> WORK TO BE COMPLETED
Pictures aside, the output must consist of the lines from the one containing "monogram-pattern polo shirt" through the end of the data, reproduced exactly.

> EXERCISE INPUT
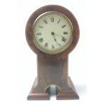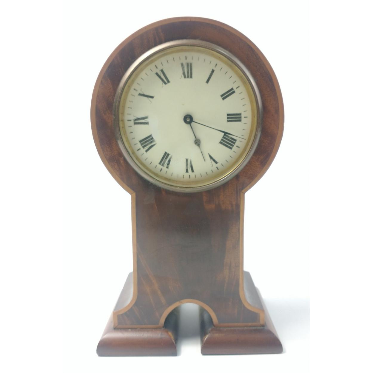 A pretty little mantle clock in nice wooden curved finish with inlaid edges. No maker but recumbent Lion stamp on brass movement. 23cm high. Supplied with key but not currently running.
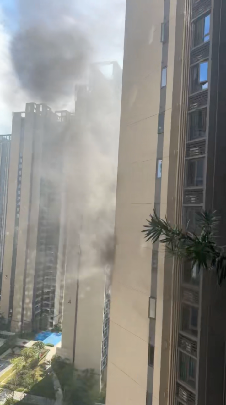 13时57分,该住户发布的照片显示,室内已有烟雾冒出,并配文“已经烧起来了,你们不走不关我的事呀”。很快,房屋开始起火,浓烟不断涌出,并向高层蔓延。多位住户于14时许拍摄的视频、照片显示,该楼栋15层一窗户涌出大量黑烟,在小区外也清晰可见,群内住户纷纷惊呼“快撤离”。
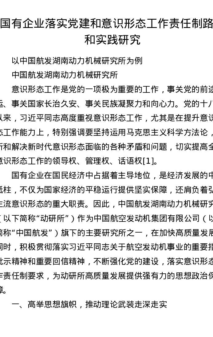 调研报告:国有企业落实党建和意识形态工作责任制路径和实践研究
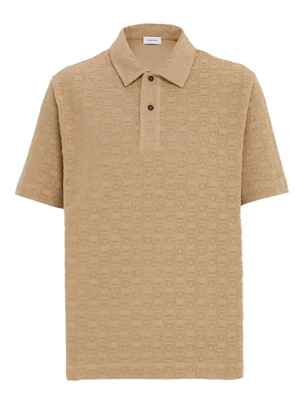 monogram-pattern polo shirt Highlights - Almond beige - Front button placket - Polo collar - Short sleeves - Straight hem Made in Italy Composition Organic Cotton 100%
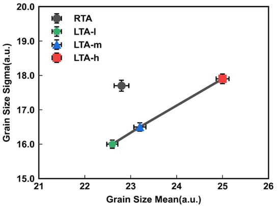 The correlation between grain size mean and grain size sigma of the Poly-Si channel with different thermal conditions, RTA, LTA-l, LTA-m, and LTA-h. The bars represent mean values, with the error bars showing standard deviation.

> SOLVED EXERCISE
 monogram-pattern polo shirt Highlights - Almond beige - Front button placket - Polo collar - Short sleeves - Straight hem Made in Italy Composition Organic Cotton 100%
 The correlation between grain size mean and grain size sigma of the Poly-Si channel with different thermal conditions, RTA, LTA-l, LTA-m, and LTA-h. The bars represent mean values, with the error bars showing standard deviation.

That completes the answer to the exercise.